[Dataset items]
+++
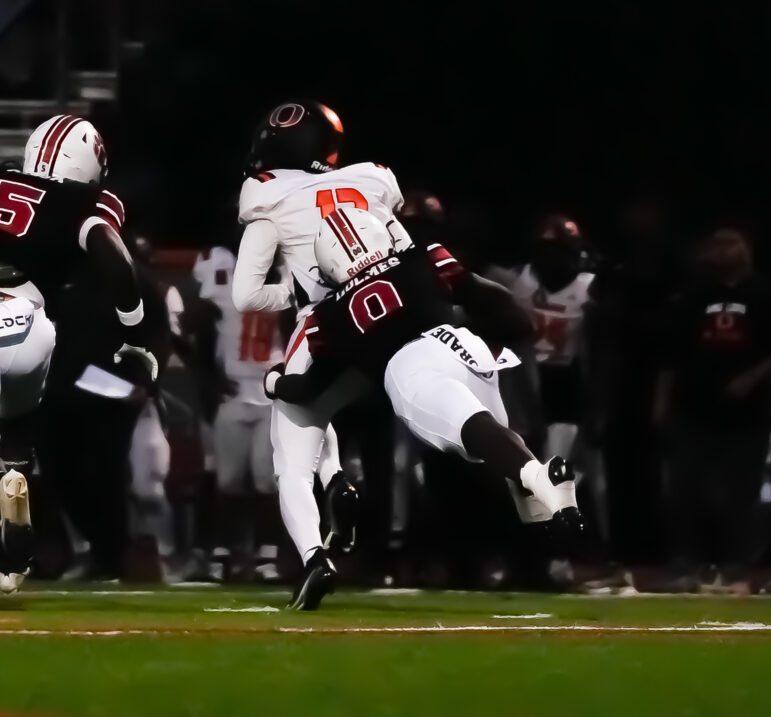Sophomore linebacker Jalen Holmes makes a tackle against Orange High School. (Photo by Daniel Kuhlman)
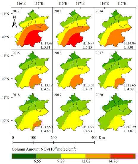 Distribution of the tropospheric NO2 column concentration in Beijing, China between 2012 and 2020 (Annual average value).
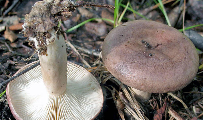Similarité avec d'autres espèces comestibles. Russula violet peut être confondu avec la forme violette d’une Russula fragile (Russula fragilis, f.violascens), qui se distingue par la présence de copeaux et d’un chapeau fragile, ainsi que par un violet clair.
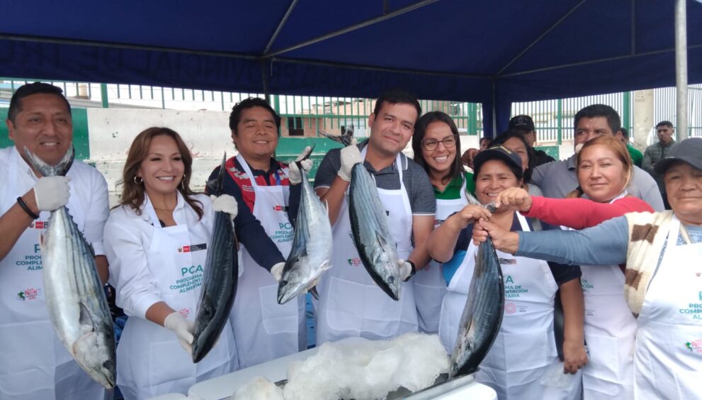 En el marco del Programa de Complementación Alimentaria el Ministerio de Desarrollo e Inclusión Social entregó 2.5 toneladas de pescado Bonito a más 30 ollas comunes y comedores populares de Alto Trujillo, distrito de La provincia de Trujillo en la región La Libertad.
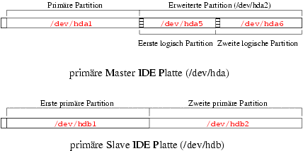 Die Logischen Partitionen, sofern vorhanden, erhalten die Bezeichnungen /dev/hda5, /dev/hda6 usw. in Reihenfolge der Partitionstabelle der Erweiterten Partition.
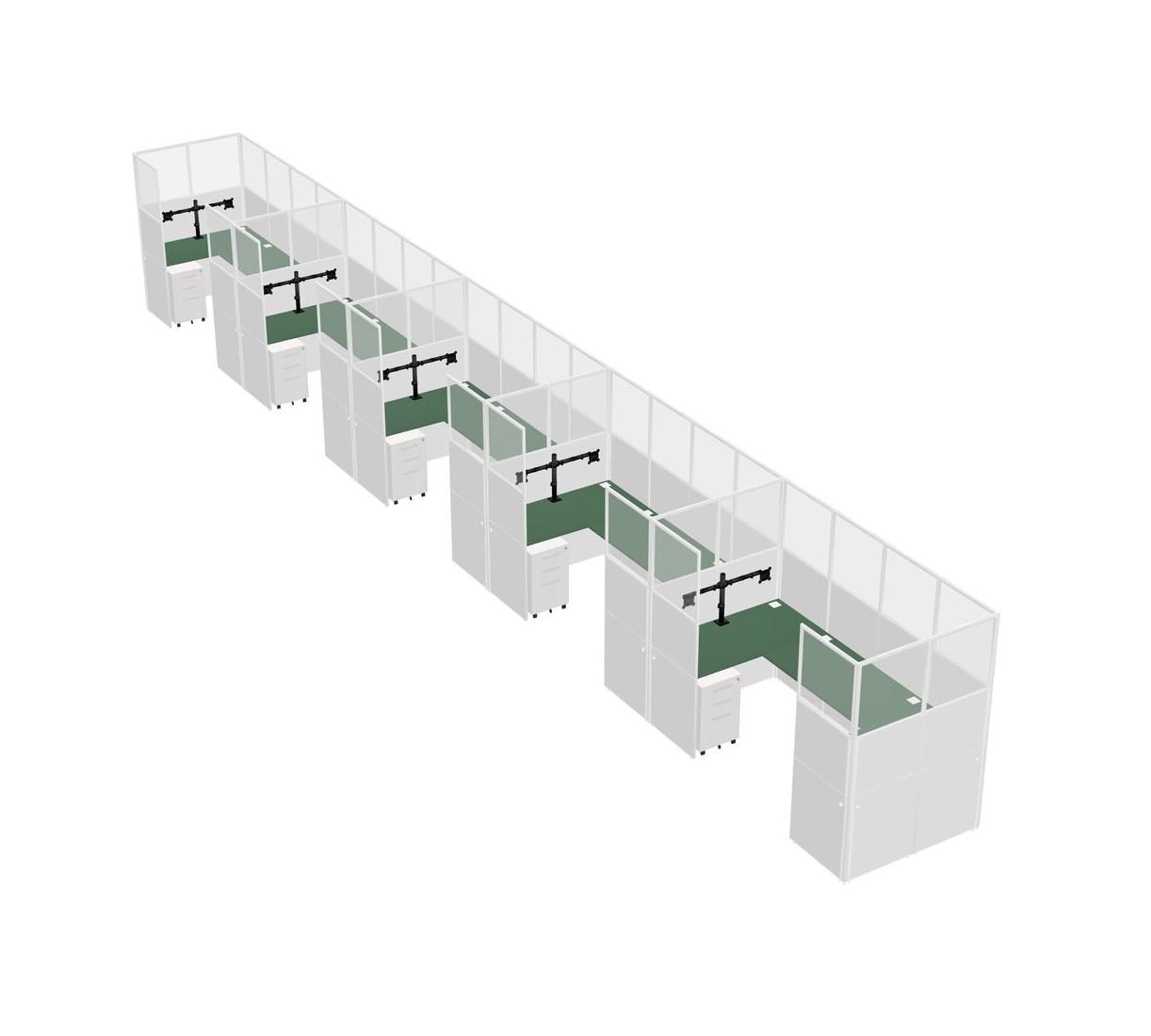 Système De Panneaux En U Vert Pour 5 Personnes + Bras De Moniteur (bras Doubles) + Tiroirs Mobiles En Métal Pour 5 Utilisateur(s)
+++
→ **WHAT YOU SHOULD DO**
The records above need to be copied exactly, with the pictures left out.

→ **WRITTEN ANSWER**
Sophomore linebacker Jalen Holmes makes a tackle against Orange High School. (Photo by Daniel Kuhlman)
 Distribution of the tropospheric NO2 column concentration in Beijing, China between 2012 and 2020 (Annual average value).
Similarité avec d'autres espèces comestibles. Russula violet peut être confondu avec la forme violette d’une Russula fragile (Russula fragilis, f.violascens), qui se distingue par la présence de copeaux et d’un chapeau fragile, ainsi que par un violet clair.
 En el marco del Programa de Complementación Alimentaria el Ministerio de Desarrollo e Inclusión Social entregó 2.5 toneladas de pescado Bonito a más 30 ollas comunes y comedores populares de Alto Trujillo, distrito de La provincia de Trujillo en la región La Libertad.
 Die Logischen Partitionen, sofern vorhanden, erhalten die Bezeichnungen /dev/hda5, /dev/hda6 usw. in Reihenfolge der Partitionstabelle der Erweiterten Partition.
 Système De Panneaux En U Vert Pour 5 Personnes + Bras De Moniteur (bras Doubles) + Tiroirs Mobiles En Métal Pour 5 Utilisateur(s)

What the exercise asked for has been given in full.